GGE: Generated Genetic Expression Evaluator

PyPI version Python 3.8+ License: MIT Tests Documentation

Comprehensive evaluation of generated gene expression data against real datasets.

GGE is a modular, object-oriented Python framework for computing metrics between real and generated gene expression datasets stored in AnnData (h5ad) format. It supports condition-based matching, train/test splits, and generates publication-quality visualizations.

Features

Metrics

All metrics are computed per-gene (returning a vector) and aggregated:

Metric Description Direction
Pearson Correlation Linear correlation between expression profiles Higher is better
Spearman Correlation Rank correlation (robust to outliers) Higher is better
R² (Coefficient of Determination) Proportion of variance explained Higher is better
Wasserstein-1 Earth Mover's Distance (L1) Lower is better
Wasserstein-2 Quadratic optimal transport Lower is better
MMD Maximum Mean Discrepancy (kernel-based) Lower is better
Energy Distance Statistical potential energy Lower is better

Visualizations

  • Boxplots & Violin plots: Metric distributions across conditions
  • Radar plots: Multi-metric comparison
  • Scatter plots: Real vs generated expression
  • Embedding plots: PCA/UMAP of real vs generated data
  • Heatmaps: Per-gene metric values
  • Interactive Plotly plots: Density overlays, embeddings with metadata coloring

Key Features

  • ✅ Condition-based matching (perturbation, cell type, etc.)
  • ✅ Train/test split support
  • ✅ Per-gene and aggregate metrics
  • ✅ Modular, extensible architecture
  • ✅ Command-line interface
  • ✅ Publication-quality visualizations

Installation

pip install gge-eval

The package includes GPU-accelerated metrics via geomloss, which automatically falls back to CPU if no GPU is available.

Quick Start

Python API

from gge import evaluate

# From file paths
results = evaluate(
    real_data="real_data.h5ad",
    generated_data="generated_data.h5ad",
    condition_columns=["perturbation", "cell_type"],
    split_column="split",  # Optional: for train/test
    output_dir="evaluation_output/"
)

# From AnnData objects
import scanpy as sc
real_adata = sc.read_h5ad("real_data.h5ad")
generated_adata = sc.read_h5ad("generated_data.h5ad")

results = evaluate(
    real_data=real_adata,
    generated_data=generated_adata,
    condition_columns=["perturbation"],
)

# Mixed (path + AnnData)
results = evaluate(
    real_data="real_data.h5ad",
    generated_data=generated_adata,
    condition_columns=["perturbation"],
)

# Access results
print(results.summary())

# Get metric for specific split
test_results = results.get_split("test")
for condition, cond_result in test_results.conditions.items():
    print(f"{condition}: Pearson={cond_result.get_metric_value('pearson'):.3f}")

Command Line

# Basic usage
gge --real real.h5ad --generated generated.h5ad \
    --conditions perturbation cell_type \
    --output results/

# With split column
gge --real real.h5ad --generated generated.h5ad \
    --conditions perturbation \
    --split-column split \
    --splits test \
    --output results/

# Specify metrics
gge --real real.h5ad --generated generated.h5ad \
    --conditions perturbation \
    --metrics pearson spearman wasserstein_1 mmd r_squared \
    --output results/

DEG-Space Evaluation

GGE supports evaluating generative models specifically on differentially expressed genes (DEGs), which focuses the evaluation on the genes that matter most for capturing perturbation effects (see Paper Section 4.3):

from gge import evaluate_deg_space, identify_degs, compute_perturbation_effects
import scanpy as sc

real_adata = sc.read_h5ad("real_data.h5ad")
generated_adata = sc.read_h5ad("generated_data.h5ad")
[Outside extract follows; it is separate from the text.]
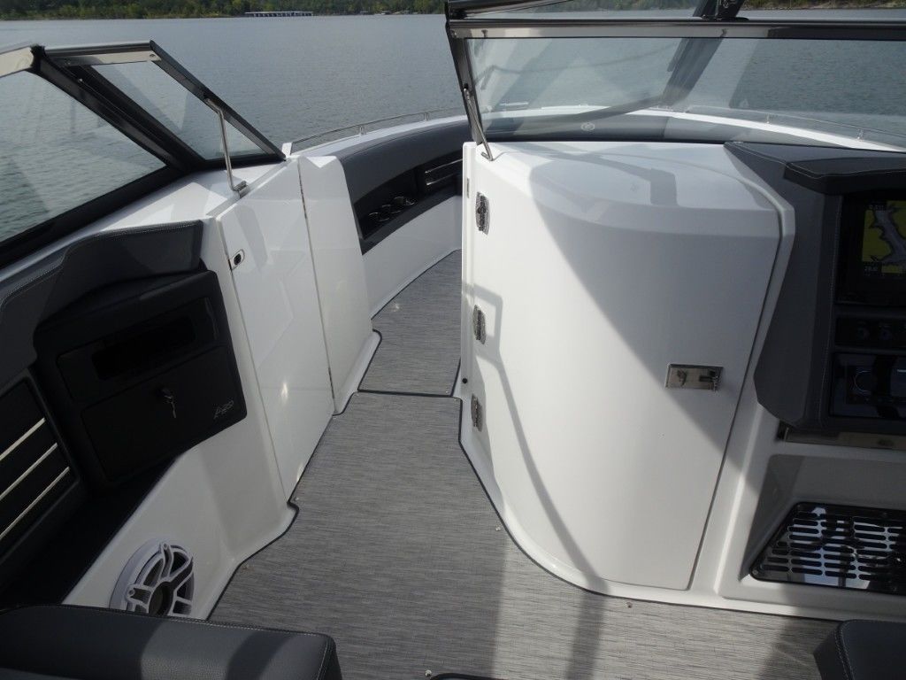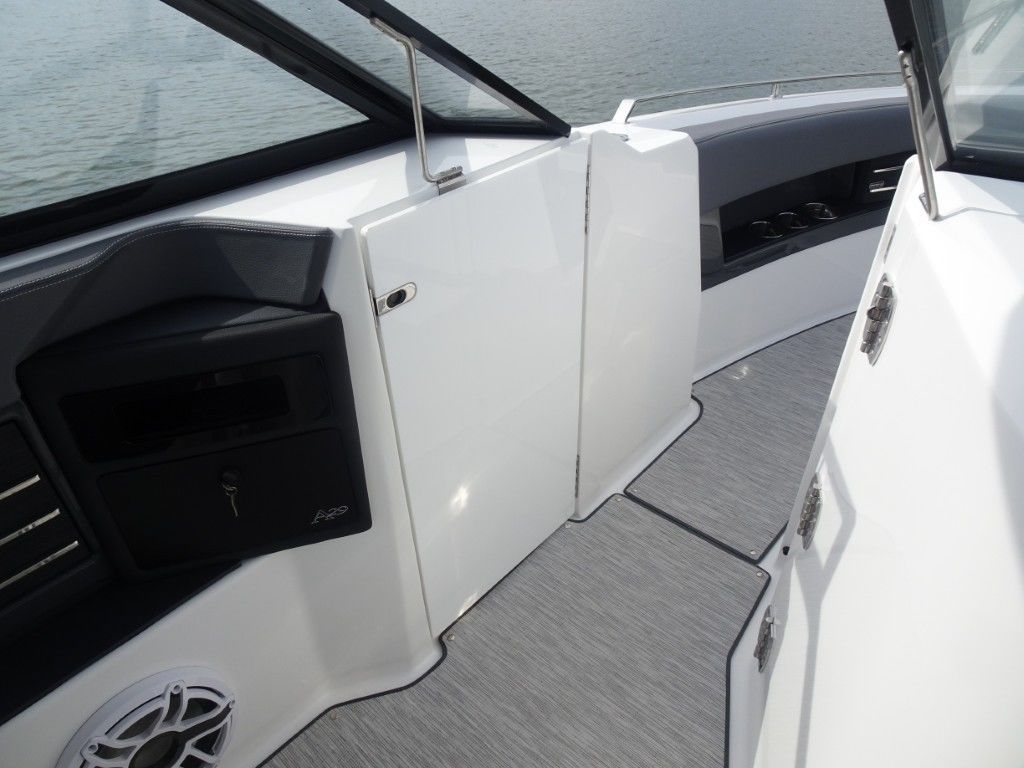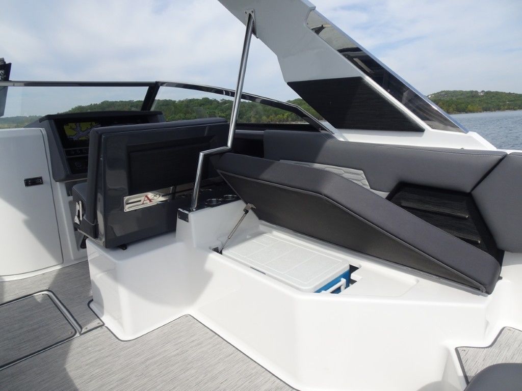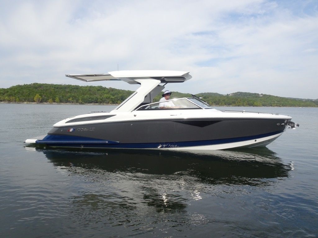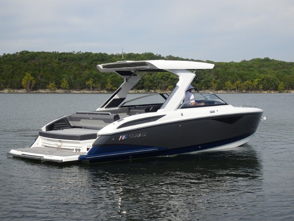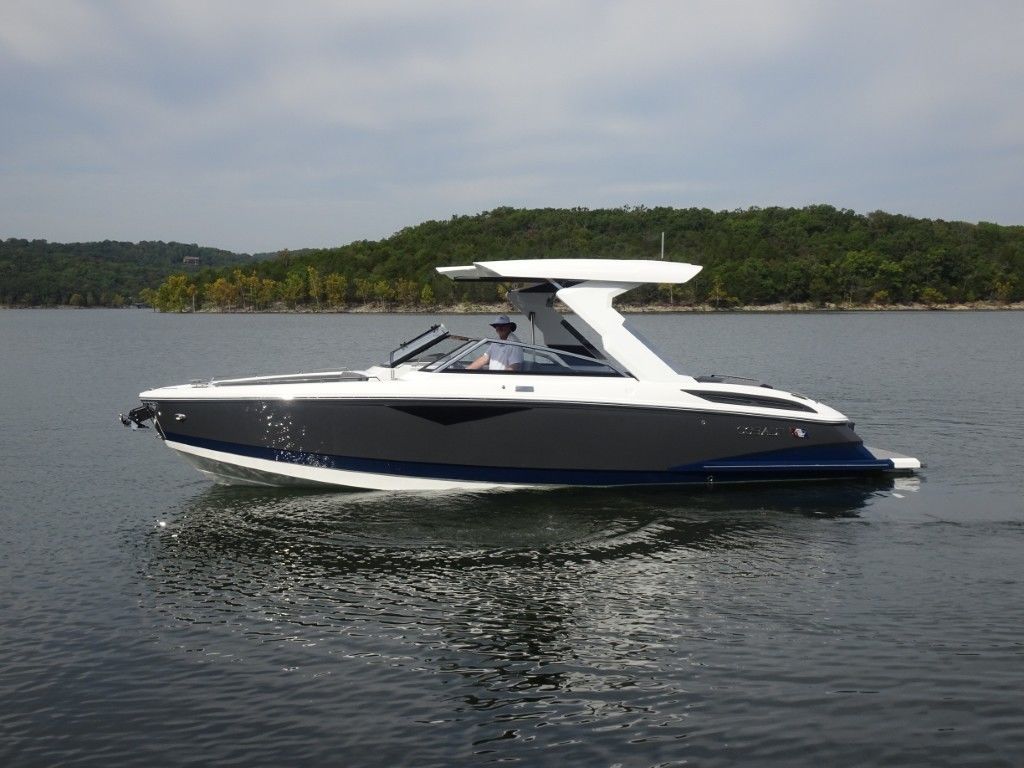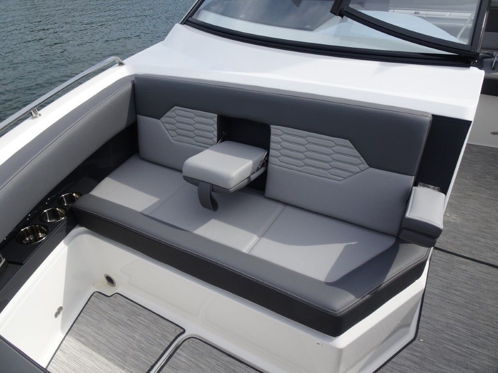 This is a New 2026 Cobalt A29 in a 3-color Custom Graphite Gray w/Navy Accent Stripe and Frost/Slate Interior. It is powered by a Mercruiser 8.2L MAG HO 430hp DTS Dual Prop and has the following options:

# Evaluate in DEG space (automatically identifies DEGs)
results, deg_info = evaluate_deg_space(
    real_data=real_adata,
    generated_data=generated_adata,
    condition_columns=["perturbation"],
    deg_condition_column="perturbation",  # Column for DEG identification
    control_value="control",               # Control condition label
    log2fc_threshold=1.0,                  # |log2FC| > 1
    pvalue_threshold=0.05,                 # Adjusted p-value < 0.05
    return_degs=True,
)

# View identified DEGs
print(f"Found {deg_info['is_deg'].sum()} DEGs")
deg_genes = deg_info[deg_info['is_deg']]['gene'].tolist()

# Compute perturbation effects (log2 fold changes per condition)
effects = compute_perturbation_effects(
    real_adata,
    condition_column="perturbation",
    control_value="control",
)
print(effects.head())  # DataFrame: genes × conditions with log2FC values

# Or identify DEGs separately for custom workflows
degs = identify_degs(
    real_adata,
    condition_column="perturbation",
    control_value="control",
    treatment_value="treatment",  # Optional: specific treatment
    method="ttest",  # or "wilcoxon"
)

PC-Space Evaluation

For comparing global structure efficiently, GGE provides PC-space (principal component) evaluation (see Paper Section 3.3):

from gge import evaluate_pc_space, compute_pca, PCSpaceEvaluator

# Quick evaluation in PC space
results = evaluate_pc_space(
    real_data=real_adata,
    generated_data=generated_adata,
    condition_columns=["perturbation"],
    n_components=50,              # Number of PCs
    use_highly_variable=True,     # Filter to HVGs first
    n_top_genes=2000,             # Number of HVGs
)
print(results.summary())

# Or use the evaluator class for more control
evaluator = PCSpaceEvaluator(n_components=50)
real_pc, gen_pc = evaluator.transform_to_pc_space(real_adata, generated_adata)

# Access PC coordinates
real_coords = real_pc.obsm['X_pca']  # shape: (n_samples, n_components)
gen_coords = gen_pc.obsm['X_pca']

# Compute PCA on a single dataset
adata_pca = compute_pca(real_adata, n_components=50)

Combined Evaluation Strategy

For comprehensive evaluation, combine gene-space, DEG-space, and PC-space metrics:

from gge import evaluate, evaluate_deg_space, evaluate_pc_space

# 1. Full gene-space evaluation
gene_results = evaluate(
    real_data=real_adata,
    generated_data=generated_adata,
    condition_columns=["perturbation"],
    metrics=["pearson", "spearman", "r_squared", "wasserstein_1", "mmd"],
)

# 2. DEG-space evaluation (perturbation-focused)
deg_results, degs = evaluate_deg_space(
    real_data=real_adata,
    generated_data=generated_adata,
    condition_columns=["perturbation"],
    deg_condition_column="perturbation",
    control_value="control",
    return_degs=True,
)

# 3. PC-space evaluation (global structure)
pc_results = evaluate_pc_space(
    real_data=real_adata,
    generated_data=generated_adata,
    condition_columns=["perturbation"],
    n_components=50,
)

print("Gene-space:", gene_results.summary())
print("DEG-space:", deg_results.summary())
print("PC-space:", pc_results.summary())

Expected Data Format

GGE expects AnnData (h5ad) files with:

Required

  • adata.X: Gene expression matrix (samples × genes)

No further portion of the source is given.